*** Provided information ***
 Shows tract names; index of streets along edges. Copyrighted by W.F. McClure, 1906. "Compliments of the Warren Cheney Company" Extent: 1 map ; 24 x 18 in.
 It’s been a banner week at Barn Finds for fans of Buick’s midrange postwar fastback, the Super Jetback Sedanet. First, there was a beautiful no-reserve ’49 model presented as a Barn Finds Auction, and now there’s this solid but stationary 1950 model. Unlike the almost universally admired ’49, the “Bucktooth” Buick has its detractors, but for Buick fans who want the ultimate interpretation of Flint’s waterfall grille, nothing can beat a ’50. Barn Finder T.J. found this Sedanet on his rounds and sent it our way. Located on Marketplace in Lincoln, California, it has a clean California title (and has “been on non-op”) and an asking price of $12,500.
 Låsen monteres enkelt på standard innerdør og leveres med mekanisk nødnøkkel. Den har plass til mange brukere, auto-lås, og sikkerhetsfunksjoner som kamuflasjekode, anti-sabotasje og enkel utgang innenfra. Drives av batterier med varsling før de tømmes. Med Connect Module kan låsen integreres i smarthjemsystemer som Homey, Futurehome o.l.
*** End of Provided information ***
*** Provided information ***
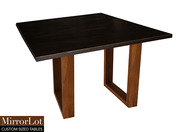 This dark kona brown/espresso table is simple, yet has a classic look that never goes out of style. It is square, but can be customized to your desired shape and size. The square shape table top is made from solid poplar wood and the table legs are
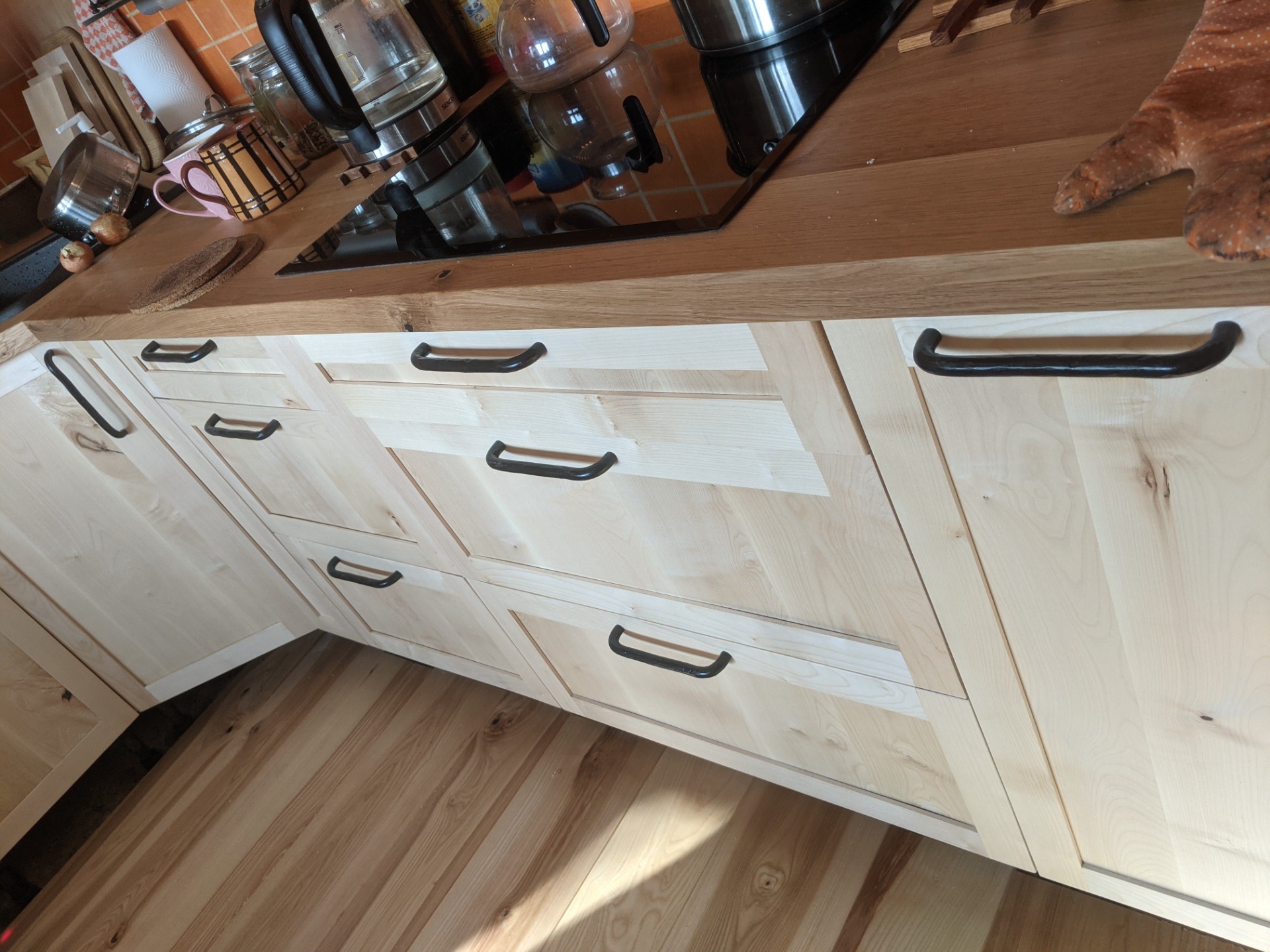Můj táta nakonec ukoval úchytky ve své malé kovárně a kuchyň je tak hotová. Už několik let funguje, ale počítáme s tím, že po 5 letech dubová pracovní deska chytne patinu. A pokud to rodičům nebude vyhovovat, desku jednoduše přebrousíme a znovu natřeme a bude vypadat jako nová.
*** End of Provided information ***
## Task
Reproduce exactly the section above that begins at the line containing "Shows tract names;" and ends at the line containing "It’s been a", leaving out all other lines.

## Result for this task
 Shows tract names; index of streets along edges. Copyrighted by W.F. McClure, 1906. "Compliments of the Warren Cheney Company" Extent: 1 map ; 24 x 18 in.
 It’s been a banner week at Barn Finds for fans of Buick’s midrange postwar fastback, the Super Jetback Sedanet. First, there was a beautiful no-reserve ’49 model presented as a Barn Finds Auction, and now there’s this solid but stationary 1950 model. Unlike the almost universally admired ’49, the “Bucktooth” Buick has its detractors, but for Buick fans who want the ultimate interpretation of Flint’s waterfall grille, nothing can beat a ’50. Barn Finder T.J. found this Sedanet on his rounds and sent it our way. Located on Marketplace in Lincoln, California, it has a clean California title (and has “been on non-op”) and an asking price of $12,500.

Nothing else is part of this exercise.